Here are some practical tips and creative ideas for infusing your daily life with physical activity:
- Take breaks to stand up and move around every 30 minutes.
- Do some bodyweight exercises at home while you’re watching TV.
- Dance around your living room while you’re cooking or listening to music.
- Take advantage of active transportation options, like walking, biking, or taking public transportation instead of driving.
- Find a workout buddy to motivate you and keep you accountable.
Connecting Cardio Training and Daily Activity
Cardio training and daily activity work together to enhance your fitness journey. Cardio workouts get your heart rate up and improve your endurance, while daily activity keeps your metabolism going and helps you manage your weight.
When you combine cardio training and daily activity, you’re creating a powerful synergy that can lead to improved health, sustained fat loss, and a more energized lifestyle.
A Balanced Approach to Fitness
The Wonder Women advocate for a balanced approach to fitness that combines cardio training, dietary adjustments, and daily activity. This approach empowers you to take control of your well-being and achieve your fitness goals.
To lose weight, you need to create a calorie deficit. This means burning more calories than you consume. To lose one pound, you need to create a 3,500-calorie deficit. This translates to a deficit of 1,000 calories per day for those aiming to lose one to two pounds per week.
To create a calorie deficit, you can reduce your caloric intake, increase your physical activity, or do both. If your maintenance level is 2,200 calories per day, reducing your caloric intake by 500 and burning 500 calories through exercise can help you reach your goals.
A Well-Rounded Fitness Plan
Your fitness plan should be well-rounded and include a variety of activities, such as:
- Cardiovascular exercise: Aim for three to five days of cardio workouts per week, each lasting 10-60 minutes. Training in Zone 3 or higher will allow for shorter durations. The frequency and duration of your cardio workouts will depend on your fitness goals, such as building muscle or burning fat.
- Strength training: Aim for three to five days of strength training per week, with a duration of 45-60 minutes per session.

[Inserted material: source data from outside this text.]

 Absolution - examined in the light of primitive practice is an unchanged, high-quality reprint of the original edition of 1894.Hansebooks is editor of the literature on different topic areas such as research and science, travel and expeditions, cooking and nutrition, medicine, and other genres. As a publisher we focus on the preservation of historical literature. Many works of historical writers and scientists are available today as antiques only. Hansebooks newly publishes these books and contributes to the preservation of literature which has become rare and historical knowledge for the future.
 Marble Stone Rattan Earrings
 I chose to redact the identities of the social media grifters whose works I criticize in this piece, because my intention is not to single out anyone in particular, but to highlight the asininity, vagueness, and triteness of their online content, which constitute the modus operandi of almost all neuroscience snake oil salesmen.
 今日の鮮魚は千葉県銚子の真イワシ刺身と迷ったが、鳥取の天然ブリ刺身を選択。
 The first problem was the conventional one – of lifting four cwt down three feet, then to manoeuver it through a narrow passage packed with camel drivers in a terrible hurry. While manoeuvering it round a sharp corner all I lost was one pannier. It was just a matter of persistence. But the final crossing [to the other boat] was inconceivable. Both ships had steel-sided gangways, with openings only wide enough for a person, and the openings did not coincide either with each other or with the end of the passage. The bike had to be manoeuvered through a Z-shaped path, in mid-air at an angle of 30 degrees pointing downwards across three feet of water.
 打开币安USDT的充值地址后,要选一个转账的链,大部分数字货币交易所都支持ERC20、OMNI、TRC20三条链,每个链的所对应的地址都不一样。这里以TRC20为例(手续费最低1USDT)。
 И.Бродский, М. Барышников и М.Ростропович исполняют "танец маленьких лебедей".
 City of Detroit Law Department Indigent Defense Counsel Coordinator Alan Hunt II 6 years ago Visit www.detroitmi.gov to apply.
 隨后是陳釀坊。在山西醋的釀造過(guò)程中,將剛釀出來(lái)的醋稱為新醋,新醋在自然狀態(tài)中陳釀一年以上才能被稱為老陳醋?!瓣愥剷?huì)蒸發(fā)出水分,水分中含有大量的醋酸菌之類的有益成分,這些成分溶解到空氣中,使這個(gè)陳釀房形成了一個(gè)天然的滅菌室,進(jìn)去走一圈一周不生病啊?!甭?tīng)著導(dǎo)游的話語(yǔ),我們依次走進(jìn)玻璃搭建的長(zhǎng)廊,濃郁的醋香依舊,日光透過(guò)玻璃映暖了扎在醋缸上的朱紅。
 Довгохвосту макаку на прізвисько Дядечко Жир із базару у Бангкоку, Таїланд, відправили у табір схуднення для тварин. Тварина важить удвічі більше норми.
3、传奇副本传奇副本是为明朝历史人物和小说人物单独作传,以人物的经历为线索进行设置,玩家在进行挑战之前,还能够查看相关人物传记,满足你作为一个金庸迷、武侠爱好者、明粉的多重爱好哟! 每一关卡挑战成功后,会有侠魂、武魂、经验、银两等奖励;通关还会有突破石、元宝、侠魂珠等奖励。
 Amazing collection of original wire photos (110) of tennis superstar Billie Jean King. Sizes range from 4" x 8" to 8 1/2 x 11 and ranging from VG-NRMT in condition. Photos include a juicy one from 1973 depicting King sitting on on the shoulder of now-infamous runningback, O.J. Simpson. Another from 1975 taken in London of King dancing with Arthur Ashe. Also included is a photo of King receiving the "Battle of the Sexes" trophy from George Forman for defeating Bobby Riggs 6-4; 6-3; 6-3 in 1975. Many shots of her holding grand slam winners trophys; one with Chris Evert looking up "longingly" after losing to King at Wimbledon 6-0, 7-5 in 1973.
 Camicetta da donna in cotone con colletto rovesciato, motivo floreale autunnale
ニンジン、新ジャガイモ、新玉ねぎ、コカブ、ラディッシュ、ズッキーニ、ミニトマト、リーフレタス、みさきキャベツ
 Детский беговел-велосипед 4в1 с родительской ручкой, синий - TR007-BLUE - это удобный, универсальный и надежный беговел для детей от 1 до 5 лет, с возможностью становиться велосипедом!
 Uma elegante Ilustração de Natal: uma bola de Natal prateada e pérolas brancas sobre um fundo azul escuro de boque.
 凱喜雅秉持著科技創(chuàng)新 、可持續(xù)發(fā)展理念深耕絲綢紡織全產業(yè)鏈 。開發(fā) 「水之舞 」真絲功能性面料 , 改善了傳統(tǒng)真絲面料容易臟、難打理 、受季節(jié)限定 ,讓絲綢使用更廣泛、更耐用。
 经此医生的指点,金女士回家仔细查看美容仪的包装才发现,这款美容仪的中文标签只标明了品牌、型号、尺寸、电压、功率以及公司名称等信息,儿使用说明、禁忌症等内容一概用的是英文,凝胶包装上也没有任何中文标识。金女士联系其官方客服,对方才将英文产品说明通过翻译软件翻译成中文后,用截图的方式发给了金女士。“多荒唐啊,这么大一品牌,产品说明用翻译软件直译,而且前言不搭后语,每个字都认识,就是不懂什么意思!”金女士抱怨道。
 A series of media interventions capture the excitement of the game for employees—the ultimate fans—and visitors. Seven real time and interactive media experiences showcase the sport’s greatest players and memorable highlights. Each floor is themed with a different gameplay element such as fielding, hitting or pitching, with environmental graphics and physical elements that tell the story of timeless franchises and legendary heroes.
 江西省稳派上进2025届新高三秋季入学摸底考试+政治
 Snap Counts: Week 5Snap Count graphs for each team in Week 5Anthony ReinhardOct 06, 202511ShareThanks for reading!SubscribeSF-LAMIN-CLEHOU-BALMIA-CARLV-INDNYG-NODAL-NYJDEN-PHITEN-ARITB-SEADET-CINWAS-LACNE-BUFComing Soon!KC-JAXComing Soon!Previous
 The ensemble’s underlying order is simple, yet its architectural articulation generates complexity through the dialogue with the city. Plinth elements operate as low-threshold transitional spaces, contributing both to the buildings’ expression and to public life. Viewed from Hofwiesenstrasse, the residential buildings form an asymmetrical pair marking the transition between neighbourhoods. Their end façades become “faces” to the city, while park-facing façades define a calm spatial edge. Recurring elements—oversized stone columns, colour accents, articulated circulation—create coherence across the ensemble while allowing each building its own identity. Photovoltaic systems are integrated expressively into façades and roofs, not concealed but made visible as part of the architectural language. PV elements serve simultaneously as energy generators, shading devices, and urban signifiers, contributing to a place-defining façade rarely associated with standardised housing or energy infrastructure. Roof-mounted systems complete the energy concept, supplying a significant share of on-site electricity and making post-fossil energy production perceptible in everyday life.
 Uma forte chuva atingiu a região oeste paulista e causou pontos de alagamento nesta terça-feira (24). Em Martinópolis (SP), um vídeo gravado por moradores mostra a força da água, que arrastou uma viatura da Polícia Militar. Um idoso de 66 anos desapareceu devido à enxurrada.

- Flexibility and stretching: Incorporate daily stretching and flexibility exercises to maintain suppleness, for 10-15 minutes per session.
- Rest: Make sure to include at least one to two days of rest per week to allow your body to recover. On these days, you can engage in active recovery exercises such as yoga or gentle stretching.
|3-5 days per week
|10-60 minutes per session
|3-5 days per week
|45-60 minutes per session
|Flexibility and stretching
|10-15 minutes per session
|1-2 days per week
We firmly believe that fitness is not about quick fixes but about instigating lasting changes. Our holistic approach is designed to make your fitness journey enjoyable, sustainable, and effective, allowing you to seize control of your health and well-being with confidence.